My Grandmother: This isn’t just troubling, it is objectionable and ugly and hard to believe that it is penned by the same person who wrote “Troubled Boy” and “Balmain Jeans.”

Internal Bleeding

Me: Finally, an intro without beeps. Unfortunately, it is coupled with equally poorly-crafted lyrics that are depressing without being interesting, like “Burn my crown / Spit on my grave / I’ll make you.” Who is spitting? Why can’t he/she spit somewhere else? Why does Cudi want his/her spit on his corpse? Other lines like “I’m on you / Salt of the earth / Bird of the heavens” make up for their lack of depressiveness with a hefty amount of meaninglessness.

My Grandmother: He mimics the sound of a wounded animal appropriate to the lyrics.

In My Dreams 2015

Me: Back to the beeps and autotune. This song makes me feel like I’ve just been strapped down and forced to watch a brainwashing video. Mercifully short.
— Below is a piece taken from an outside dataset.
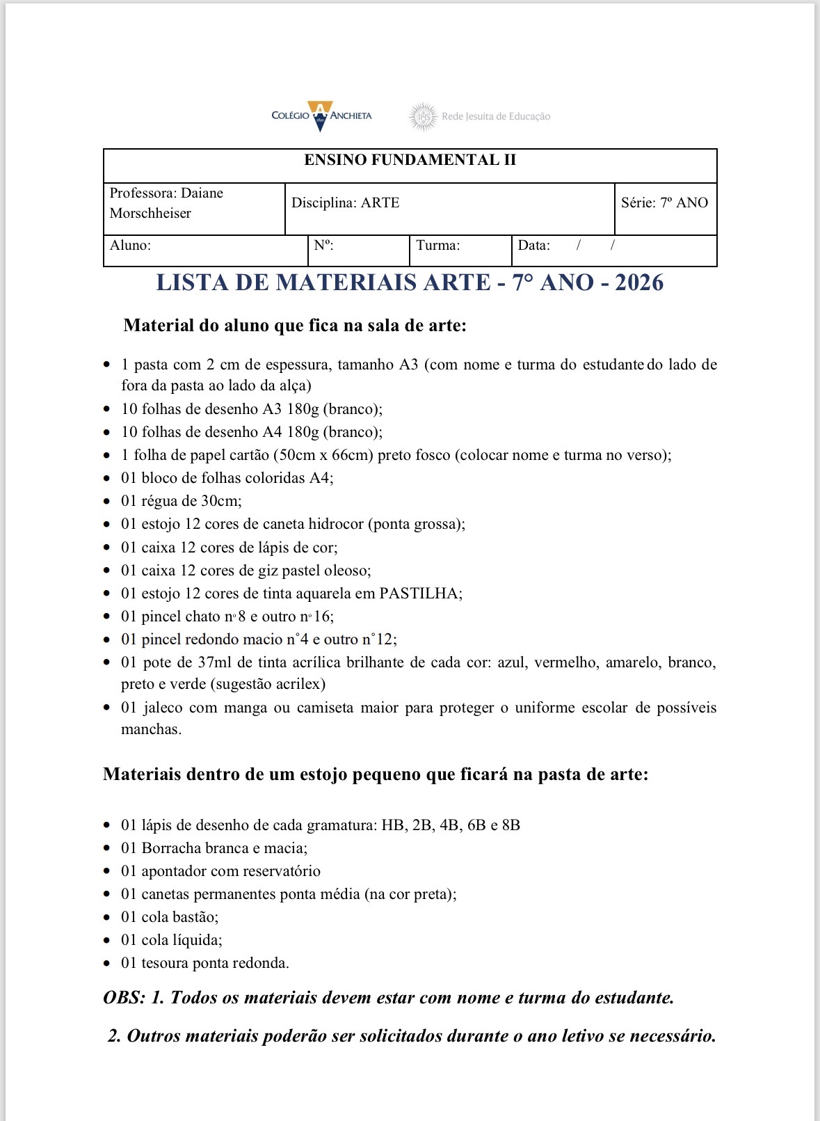 Ensino Fundamental II – 6º, 7º, 8º e 9º Anos

Return of the Moon Man (Original Score)

Me: Another instrumental, but with a Beethoven-esque feel, but only if Beethoven only knew how to play the same four notes on the violin over and over again. Sort of feels like a track that should be played as credits roll after Paranormal Activity. It gets more interesting around the third minute, but quickly reverts to Beethoven with a sledgehammer at the fourth.

Troubled Boy

Me: Cudi repeats the same lines “No one wants a troubled boy / Leave alone the troubled boy” over and over again, but the way in which he awkwardly draws out syllables, coupled with the unsettling guitar-plucked background music, make the lyrics engaging and creepy instead of monotonous. This is the song that makes me wish Kid Cudi had delved further into his psyche with this album. The un-synthed guitar, simplicity of the beat, and cyclic weirdness of the lyrics let Cudi’s unnerved innards leak through. Even if, on paper, the words aren’t particularly impressive, the way Cudi moans them makes them believable in a terrible and gloomy way. This is the only song with words on the album that really makes me want to return to Cudi’s brain.

My Grandmother: “Troubled Boy” certainly captures his isolation and the repetitive lyrics reaffirm that…repetitively.
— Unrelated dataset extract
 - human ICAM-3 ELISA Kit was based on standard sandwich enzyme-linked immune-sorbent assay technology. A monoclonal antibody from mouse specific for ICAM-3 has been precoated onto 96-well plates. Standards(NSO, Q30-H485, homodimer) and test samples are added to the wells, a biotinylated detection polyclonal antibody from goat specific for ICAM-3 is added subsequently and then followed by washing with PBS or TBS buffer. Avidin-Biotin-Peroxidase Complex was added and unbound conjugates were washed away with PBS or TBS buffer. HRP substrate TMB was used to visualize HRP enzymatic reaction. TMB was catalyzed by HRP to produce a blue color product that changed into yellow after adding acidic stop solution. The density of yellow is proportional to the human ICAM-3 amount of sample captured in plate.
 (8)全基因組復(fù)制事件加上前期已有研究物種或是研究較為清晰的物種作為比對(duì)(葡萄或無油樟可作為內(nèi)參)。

Ultimately, Kid Cudi presents: SATTELITE FLIGHT, as well as his last few albums, feels like how I played basketball in elementary school. A few minutes into each game, I would make a basket. Immediately, I’d be so surprised at my own hand-eye coordination that I wouldn’t score again. Man on the Moon: The End of Day was mind-blowing. It was (I think) the best rap album of 2009, even against Tech N9ne’s K.O.D., Jay-Z’s The Blueprint 3, and K’naan’s Troubador. Cudi has, however, never been able to live up to his own success. All of his albums since then have had a couple of good songs, but have seemed unfinished and unsatisfying.
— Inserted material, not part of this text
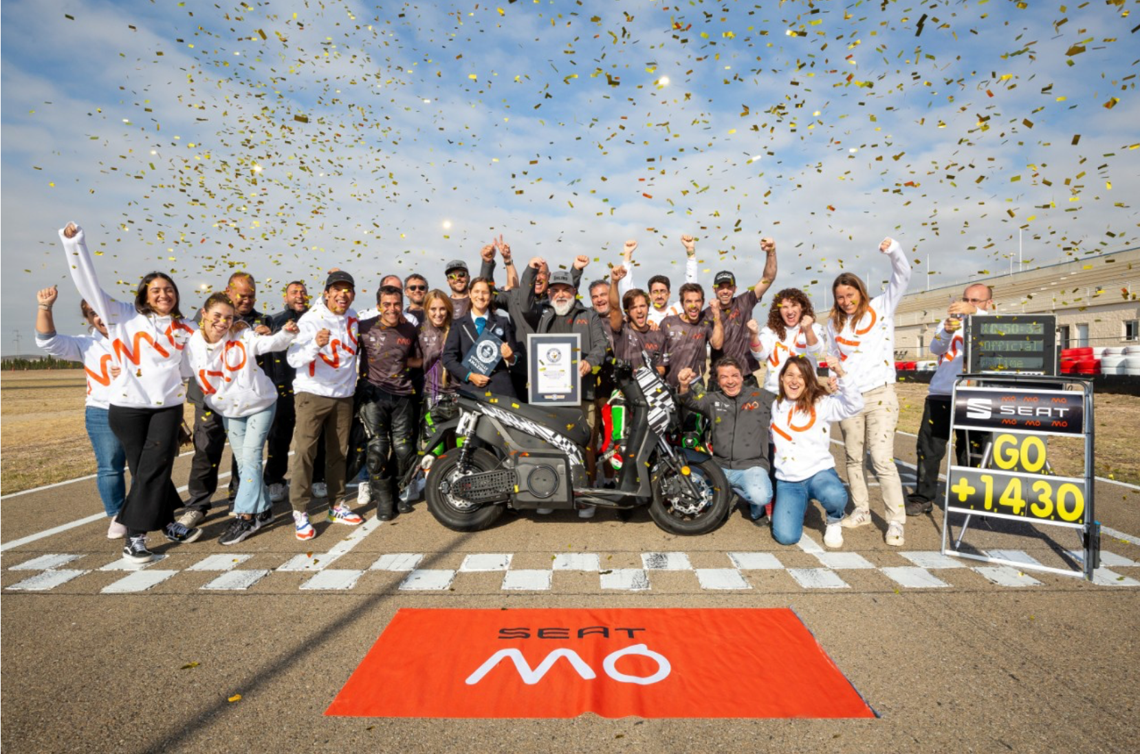 En el Circuito Internacional de Zuera (Zaragoza), el equipo de SEAT MÓ se enfrentó con éxito a su mayor reto hasta la fecha. Una misma unidad de SEAT MÓ 125 Performance logró batir dos títulos Guinness World Records™ en 48 horas consecutivas, tras más de un año de desarrollo y pruebas de la moto y preparación de la tentativa de récord.

It is telling that, in Kid Cudi presents: SATTELITE FLIGHT, one of the best songs is “Copernicus Landing,” in which the only word is “Uh,” said approximately 200 times. While, throughout the album, Cudi’s beats and instrumentals are entrancing and impressive, his lyrics are simple, uninspiring, and much less nuanced than those of his early songs. As my grandfather said, “His music does not encourage me to return.” Reading my grandmother’s reviews, I realized that, had I not been introduced to the Cudi in his prime, I would have even fewer good things to say about this album. I can only imagine what a negative impression I would have of his music if this were all I knew of it. I’ve been a Cudi fan for years and I’ve bought every album except this one, but I think this might be the end. What happened to the Cudi I listened to in the back of 10th grade chemistry? It seems like he hit his middle school basketball peak with Man on the Moon: End of Day. Everything since that has been a half-cocked shot from a rapper who vaguely remembers the days when he was nothing but net.